__WHAT YOU SHOULD DO__
Print the listing below again, exactly. Skip the pictures.

__GIVEN DATA__
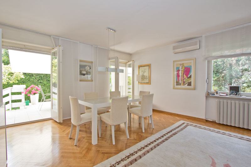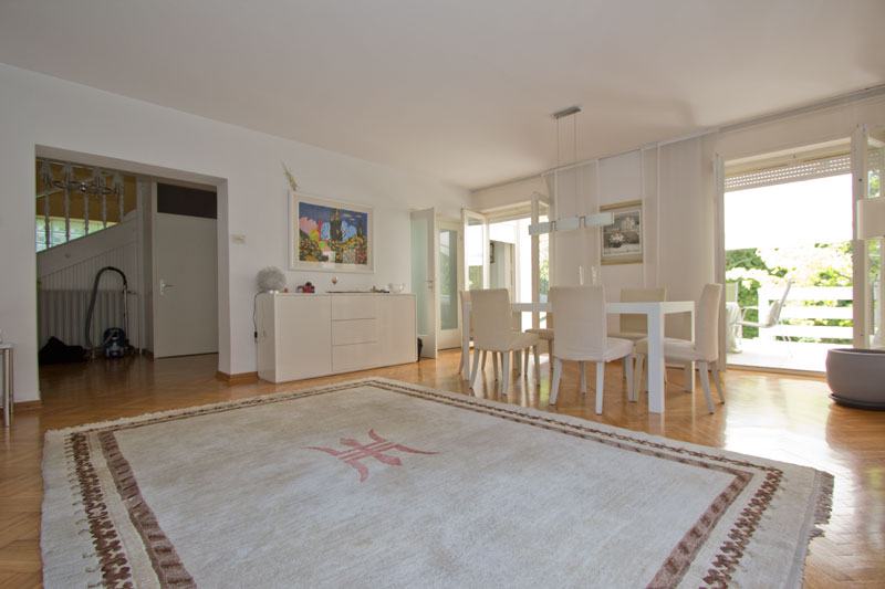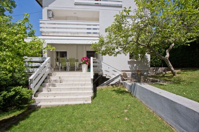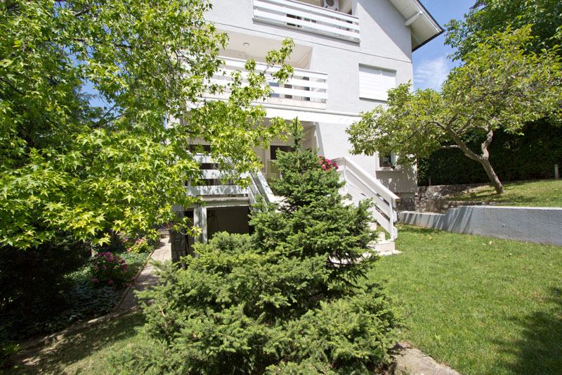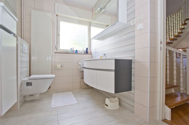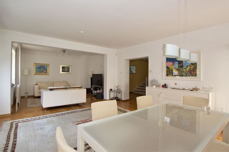 Vrlo ugodna, novoadaptirana samostojeća kuća s izlazom na prelijepi vrt od 500m2. PRIZEMLJE: ulazni hodnik, wc, dnevni boravak s blagovaonicom, kuhinja, terasa, vrt. PRVI KAT: 3 spavaće sobe, kupaonica, balkon. DRUGI KAT: 2 spavaće sobe, kupaonica, 2 balkona. PODRUM: vešeraj, garaža za 1 auto, spremište. Ispred kuće je parking za još 1 auto. Kuća je klimatizirana (6 jedinica), ima alarm, portafon, SAT TV priključak, LCD TV, podno grijanje (kupaonice, kuhinja), roštilj, automatska garažna vrata, automatsko navodnjavanje vrta.
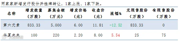表12:昨日13家公司新增发行股份并挂牌转让:
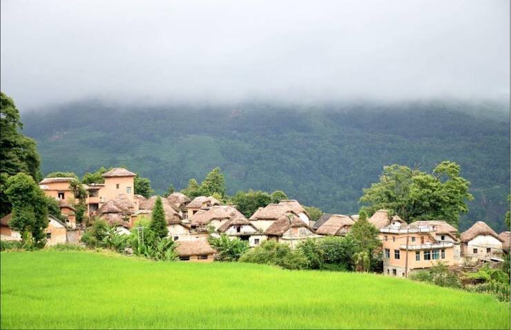蘑菇房因其四面坡的茅草顶,状如蘑菇,被人们称为“蘑菇房”,姜文导演的电影《太阳照常升起》就是在哈尼族拍摄的,《无问西东》中,黄晓明带着章子怡“返乡务农”,哈尼族的蘑菇房一次次地出现在镜头里。

__RESULT OF THE TASK__
 Vrlo ugodna, novoadaptirana samostojeća kuća s izlazom na prelijepi vrt od 500m2. PRIZEMLJE: ulazni hodnik, wc, dnevni boravak s blagovaonicom, kuhinja, terasa, vrt. PRVI KAT: 3 spavaće sobe, kupaonica, balkon. DRUGI KAT: 2 spavaće sobe, kupaonica, 2 balkona. PODRUM: vešeraj, garaža za 1 auto, spremište. Ispred kuće je parking za još 1 auto. Kuća je klimatizirana (6 jedinica), ima alarm, portafon, SAT TV priključak, LCD TV, podno grijanje (kupaonice, kuhinja), roštilj, automatska garažna vrata, automatsko navodnjavanje vrta.
表12:昨日13家公司新增发行股份并挂牌转让:
蘑菇房因其四面坡的茅草顶,状如蘑菇,被人们称为“蘑菇房”,姜文导演的电影《太阳照常升起》就是在哈尼族拍摄的,《无问西东》中,黄晓明带着章子怡“返乡务农”,哈尼族的蘑菇房一次次地出现在镜头里。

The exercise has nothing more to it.